In the affidavit filed in July together with an application to strike out the case, Pakiam laid down the arguments on why he considered the 10-point deal as rendering the government's appeal as being an “academic” case.

Advertisement

Pakiam said the April 11, 2011 letter could be seen as a recognition and acceptance by the government of the Christians' rights to use the word “Allah”, after the community was told it was free to print Bibles here in languages using the word.

“The letter dated 11.4.2011 demonstrates that the Government of Malaysia (the 1st and 2nd Appellants) recognises and accepts the rights of Christians to use the word 'Allah' by virtue of Christians being allowed to freely import and locally print Bibles in Bahasa Malaysia, Bahasa Indonesia and in the indigenous languages of Sabah and Sarawak.”

Pakiam also argued that the letter acknowledged that the Christians' use of the word would not threaten national security and public peace.

Advertisement

He went on to say that it purportedly shows the government's acceptance of the Catholic Church's right to use the Arabic word in Christian publications, including its weekly publication Herald.

“By extension, the letter dated 11.4.2011 is also therefore clear and unequivocal evidence of the 1st and 2nd Appellant’s recognition and acceptance of the Respondent’s right to use the word 'Allah' in Christian publications such as Herald-The Catholic Weekly which makes frequent references to these Bibles in Bahasa Malaysia and Bahasa Indonesia.

“Finally, the letter dated 11.4.2011 amounts to an acceptance of the decision of the High Court dated 31.12.2009 which quashed the 1st and 2nd Appellants’ decision.

“In light of the unequivocal representation made to the Christian community permitting the use of the word Allah, there is no longer any legitimacy in the appeal,” said Pakiam, the Titular Roman Catholic Archbishop of Kuala Lumpur.

The Court of Appeal is set to hear the Catholic Church's striking-out application on August 22.  If it fails in its bid to strike out the case, the appeal will be heard on September 10.

Ahead of the heated Sarawak state polls in 2011, Putrajaya had issued the 10-point solution to the Christian Federation of Malaysia (CFM) - an umbrella body of churches nationwide - which allowed the Christian community to publish and distribute Malay-language bibles.

The letter was seen as a move to quell the Christian community's unhappiness over the government's impounding shipments of the bibles, due to the presence of the word “Allah” in its reference to the Christian God.

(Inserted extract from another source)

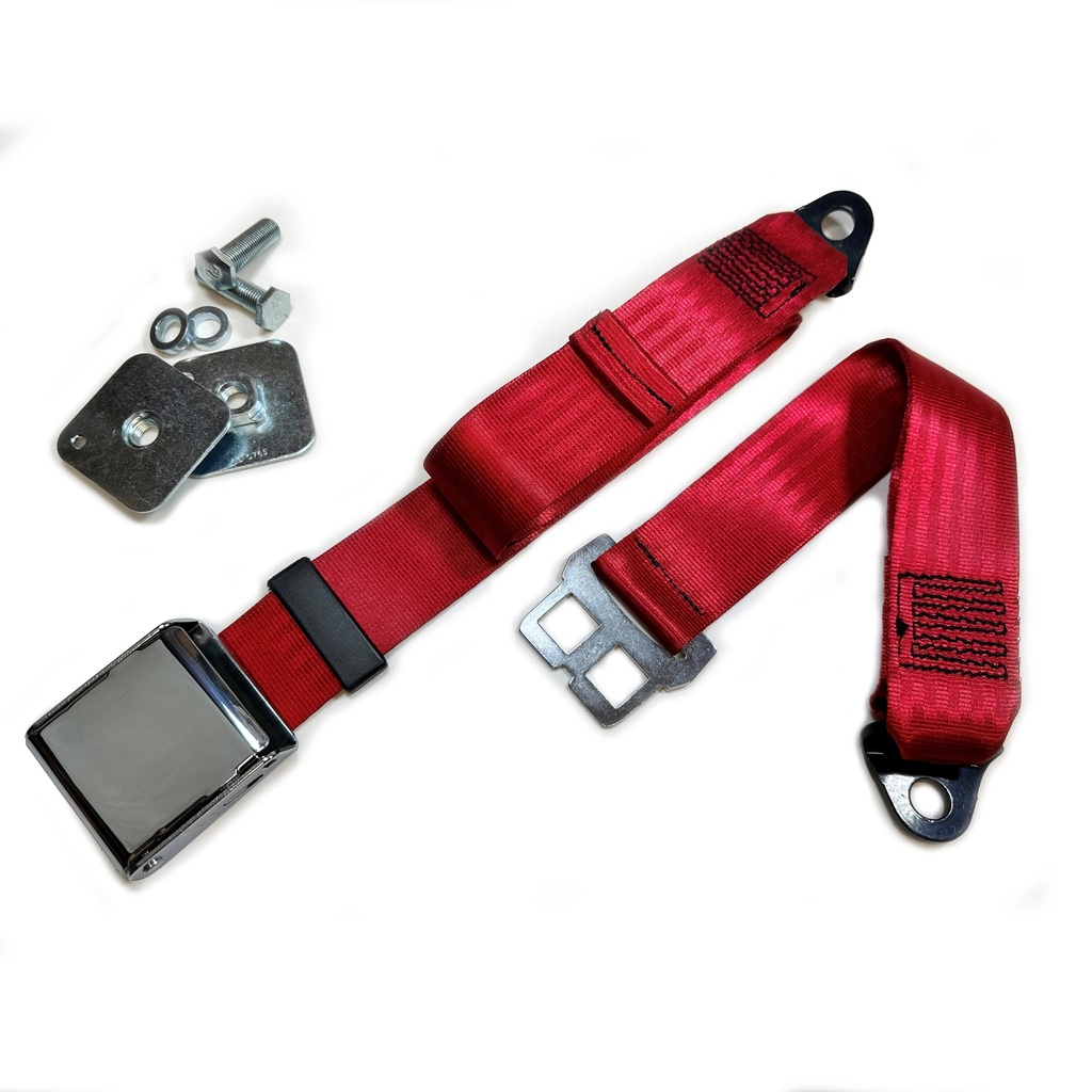 The seatbelt features a period style chrome plated lift-lever buckle and right-angled anchor brackets

Last month, the CFM had urged the Najib administration to honour its 10-point solution, following reignited debate over the non-Muslims' right to use the word “Allah”.

The “Allah” row erupted in 2008 when the Home Ministry threatened to revoke the Herald’s newspaper permit, prompting the Catholic Church to sue the government for violating its constitutional rights.

In 2009, the High Court made a landmark ruling in favour of the Catholic Church, when it said the Middle Eastern word was not the exclusive right of Muslims and the Herald could publish it in its Bahasa Malaysia section, which caters to its Bumiputera congregation.

In January 2010, the Home Ministry filed an appeal, but there was a three-year hiatus before the dates were fixed for the case at the Court of Appeal.

Christians are Malaysia’s third-largest religious population at 2.6 million people, according to statistics from the 2010 census, behind Muslims and Buddhists.

Bumiputera Christians form about 64 per cent, or close to two-thirds of that figure, and have prayed in the national language and their native tongues for centuries.